DIRECTIONS: Each line of the data must be given back verbatim, with pictures removed.

--- MATERIAL PROVIDED Enclosed Below ---

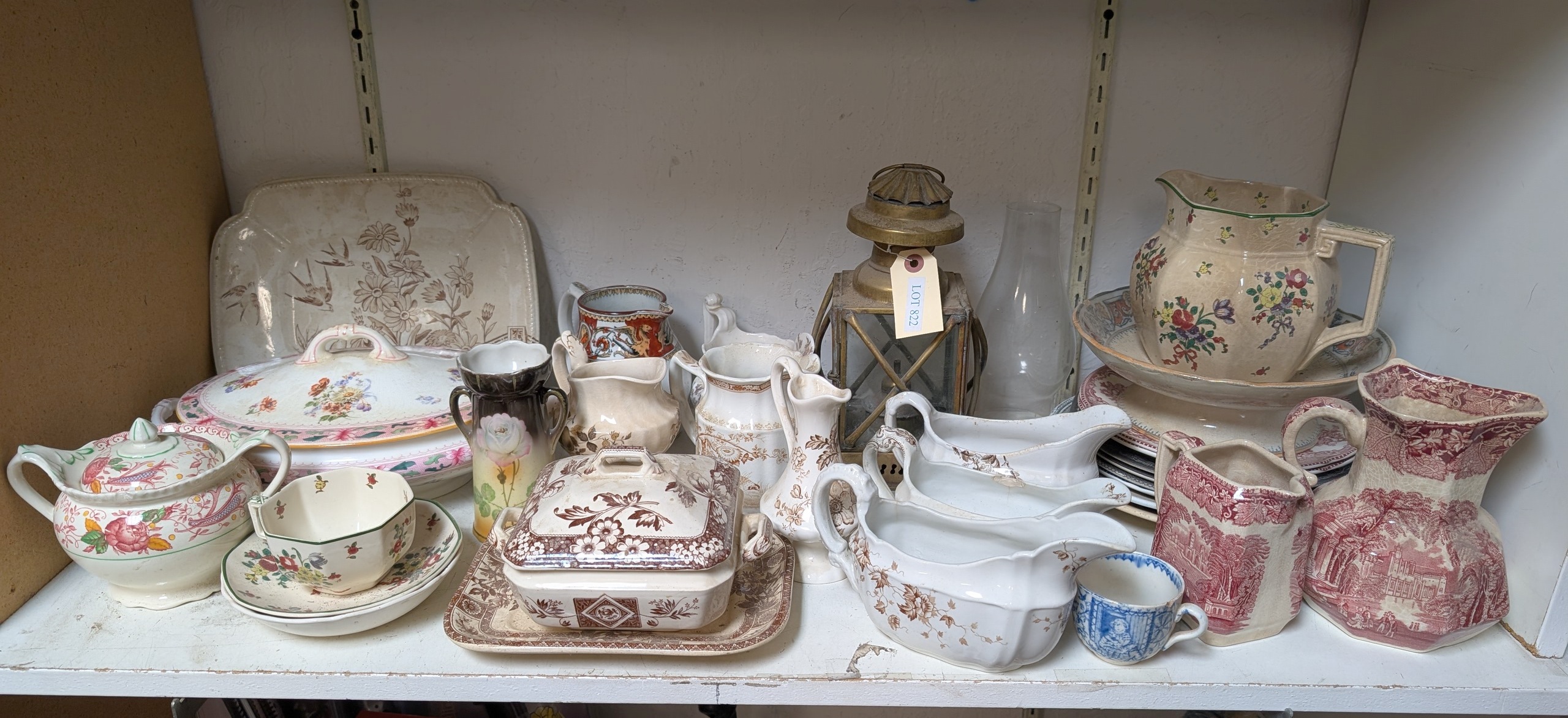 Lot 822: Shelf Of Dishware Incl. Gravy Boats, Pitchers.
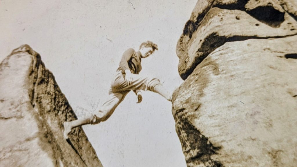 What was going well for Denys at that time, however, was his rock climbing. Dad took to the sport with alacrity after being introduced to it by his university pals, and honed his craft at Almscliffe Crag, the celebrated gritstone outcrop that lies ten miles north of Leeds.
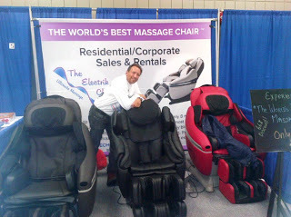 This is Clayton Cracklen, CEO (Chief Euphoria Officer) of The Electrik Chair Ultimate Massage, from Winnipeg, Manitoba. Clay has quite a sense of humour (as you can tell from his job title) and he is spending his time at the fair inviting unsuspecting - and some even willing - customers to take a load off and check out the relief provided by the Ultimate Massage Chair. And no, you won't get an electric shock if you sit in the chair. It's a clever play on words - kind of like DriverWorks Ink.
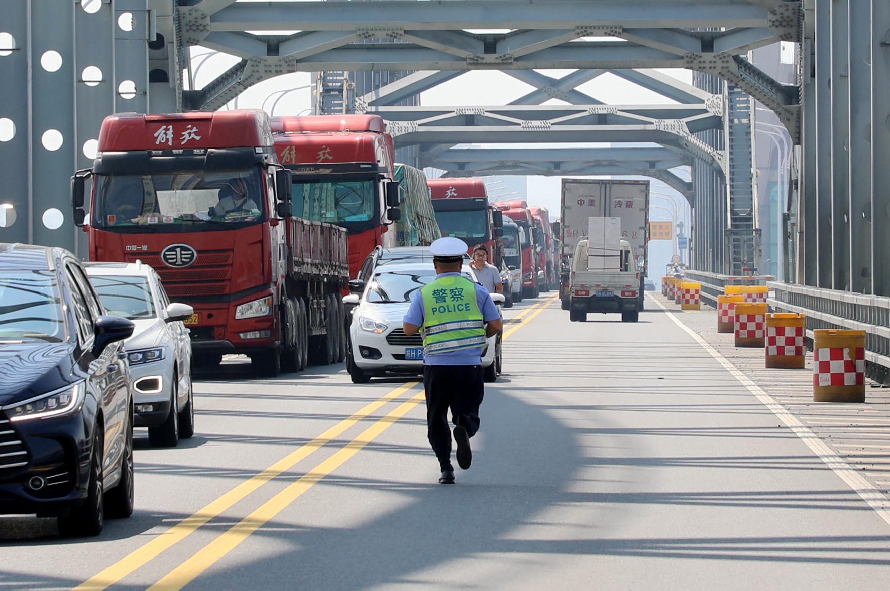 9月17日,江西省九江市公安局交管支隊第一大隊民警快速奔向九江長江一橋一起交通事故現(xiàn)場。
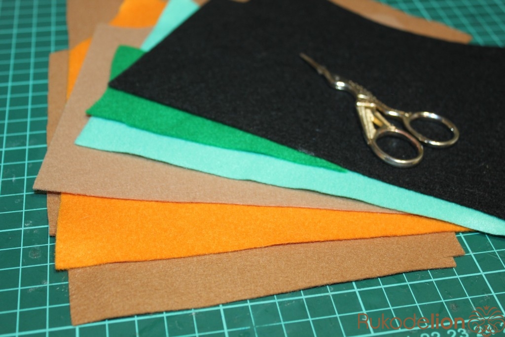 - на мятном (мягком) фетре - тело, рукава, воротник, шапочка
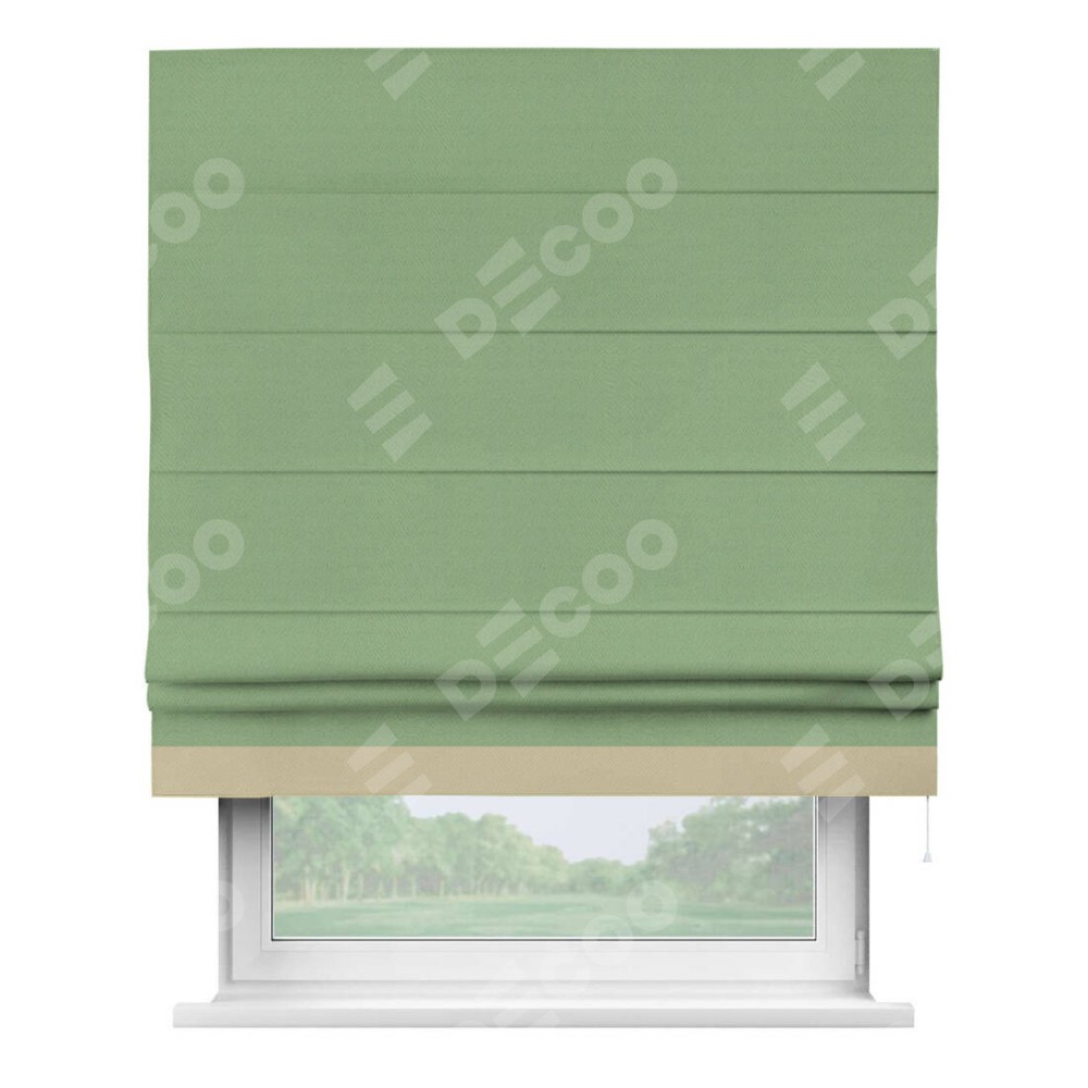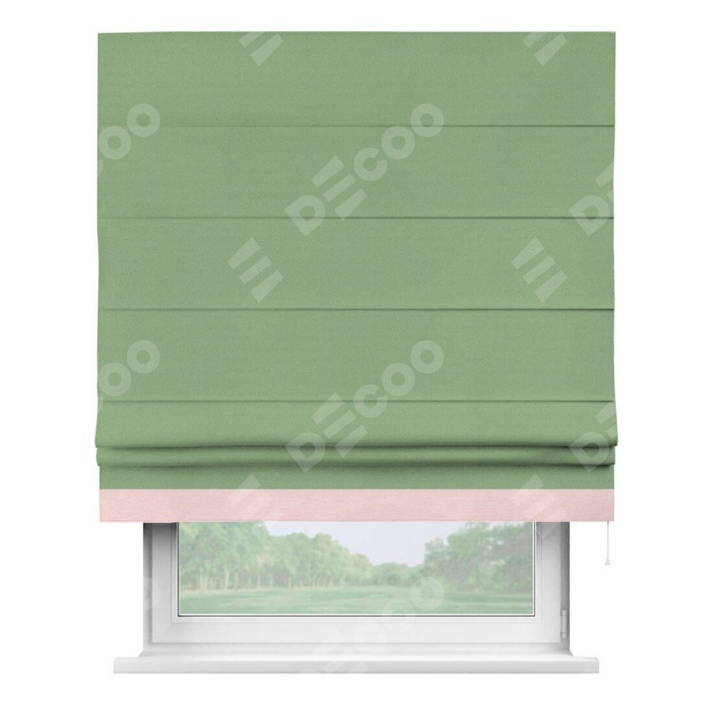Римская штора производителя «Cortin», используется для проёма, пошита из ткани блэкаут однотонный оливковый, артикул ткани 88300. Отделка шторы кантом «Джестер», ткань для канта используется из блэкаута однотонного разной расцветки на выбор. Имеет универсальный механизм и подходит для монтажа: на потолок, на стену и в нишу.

--- End of Enclosed MATERIAL PROVIDED ---

SOLUTION TO THIS EXERCISE:
 Lot 822: Shelf Of Dishware Incl. Gravy Boats, Pitchers.
 What was going well for Denys at that time, however, was his rock climbing. Dad took to the sport with alacrity after being introduced to it by his university pals, and honed his craft at Almscliffe Crag, the celebrated gritstone outcrop that lies ten miles north of Leeds.
 This is Clayton Cracklen, CEO (Chief Euphoria Officer) of The Electrik Chair Ultimate Massage, from Winnipeg, Manitoba. Clay has quite a sense of humour (as you can tell from his job title) and he is spending his time at the fair inviting unsuspecting - and some even willing - customers to take a load off and check out the relief provided by the Ultimate Massage Chair. And no, you won't get an electric shock if you sit in the chair. It's a clever play on words - kind of like DriverWorks Ink.
 9月17日,江西省九江市公安局交管支隊第一大隊民警快速奔向九江長江一橋一起交通事故現(xiàn)場。
 - на мятном (мягком) фетре - тело, рукава, воротник, шапочка
Римская штора производителя «Cortin», используется для проёма, пошита из ткани блэкаут однотонный оливковый, артикул ткани 88300. Отделка шторы кантом «Джестер», ткань для канта используется из блэкаута однотонного разной расцветки на выбор. Имеет универсальный механизм и подходит для монтажа: на потолок, на стену и в нишу.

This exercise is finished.